Ich denke, Elroys Interpretation ist schon richtig, nämlich dass die Frage sich nur darauf bezieht, welche Frageform der im Englischen und in romanischen Sprachen existierenden höflichen Frageform mit dem Konditional (Englisch: "I *would* like to have a glas of wine.", Französisch: "J'*aimerais* avoir un verre de vin.") *stilistisch entspricht*.

Entsprechend halte ich Elroy's ursprünglicher Antwort auch immer noch für die passendste.


----------



## Hutschi

Suilan said:


> ...
> 
> Variationen zum Thema:
> 
> - Ein Glas Wein käme jetzt gut.
> - Zu einem Glas Wein sag ich nicht nein.
> - Ach, ich fange heute mal mit Wein an.
> - Bin ich der einzige, der Durst auf einen Wein hat?
> - Findet ihr nicht auch, dass die Luft hier ziemlich trocken ist?
> - Wie wär's mit einem Weinchen?
> - Meine Frau fährt.
> .
> .
> .
> 
> Das wären dann ja alles "unvollständige" Konditionalsätze, die da bedeuten: Wenn Alkohol im Haus ist, her damit bitte.



Das stimmt. es ergibt dann keinen Sinn.

Die wahrscheinliche (die eigentliche) Frage wurde in #2 beantwortet, da stimme ich berndf zu.
Manchmal ist es nicht leicht, hinter den eigentlichen Sinn einer Frage zu kommen.


----------



## Robocop

Das ist für mich nun schon eine Riesenüberraschung zu erfahren, dass es den *Konditional* bzw. die *Bedingungsform* im Deutschen nicht geben soll. Da findet man im Web aber eine Menge anderslautende Infos.... Siehe zum Beispiel hier.
Auch der von Suilan angeführte Wikipedia-Artikel behauptet ja *nicht*, dass es im Deutschen keinen Konditional gebe.


----------



## Robocop

Robocop said:


> Ich würde gern ein Glas Wein haben, [implizit enthaltene Bedingung: wenn Sie die Freundlichkeit hätten, mich zu bedienen.] ==> Konditional, Konditionalform, Konditionalsatz!

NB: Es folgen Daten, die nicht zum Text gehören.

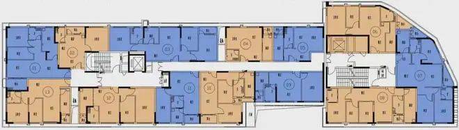 项目首层包括商铺和入户大堂,2层是商业,3-4层是企业总部写字楼,5层是社区公配,6-21层是住宅,2-5层的电梯与住宅的电梯是分开设置,不会相互干扰,住宅面积约70-104㎡两到三房为主,合计154户。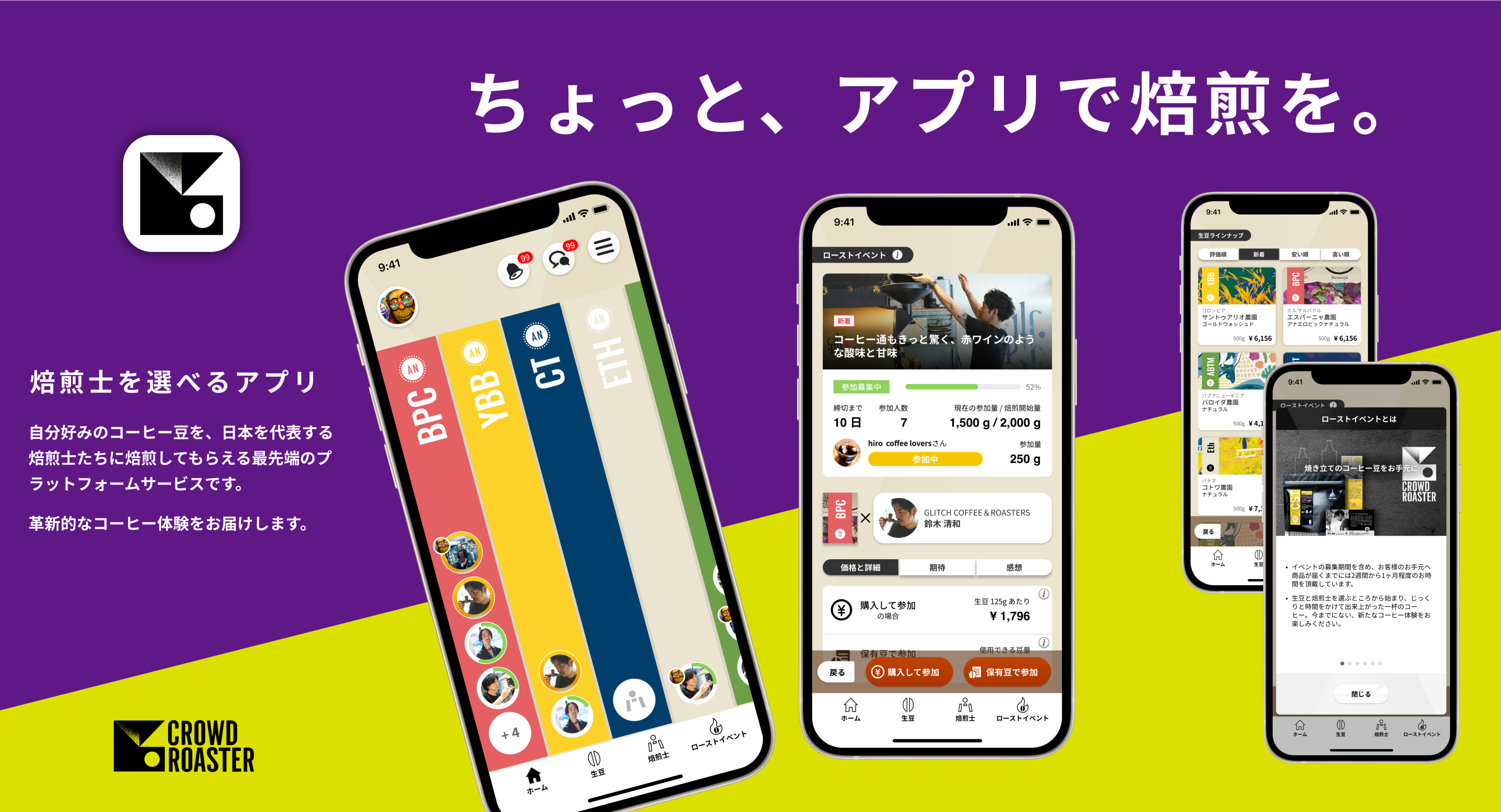 CROWD ROASTERは、日本を代表する焙煎士たちに、好みのコーヒー豆を個人が直接、焙煎依頼をすることができる唯一のアプリ。焙煎士や商社、生産者を含むコーヒープロフェッショナルと、熱狂的なコーヒーラバーズとをつなぎ、新しいコーヒー体験を楽しむコミュニティとしてもユーザーからの支持を得ています。

Man kann gewiss darüber streiten, ob obiger Satz "messerscharf" betrachtet ein Konditional ist im Sinne einer *Wenn-Dann-Konstruktion* (Bedingungssatz). 
Aber schauen wir einmal folgendes Beispiel an:

A: "Morgen beginnt ja die Fasnacht (der Karneval). Kommst Du auch zum Eröffnungsball?" 
B: "Nein, ich kann leider nicht".
A: Schade, Du gehst doch immer so gerne maskiert unter die Leute."
B: "Stimmt, _dieses Jahr würde ich als Zauberlehrling verkleidet gehen_." (Konjunktiv: Dieses Jahr ginge ich ...)
Jetzt frage ich: Kann man den Schlusssatz wirklich nicht als Bedingungsform durchgehen lassen? (Ich finde schon, weil ich die damit verbundene implizite Bedingung ohne weiteres erkenne).


----------



## Hutschi

Robocop said:


> Das ist für mich nun schon eine Riesenüberraschung zu erfahren, dass es den *Konditional* bzw. die *Bedingungsform* im Deutschen nicht geben soll. Da findet man im Web aber eine Menge anderslautende Infos.... Siehe zum Beispiel hier.
> Auch der von Suilan angeführte Wikipedia-Artikel behauptet ja *nicht*, dass es im Deutschen keinen Konditional gebe.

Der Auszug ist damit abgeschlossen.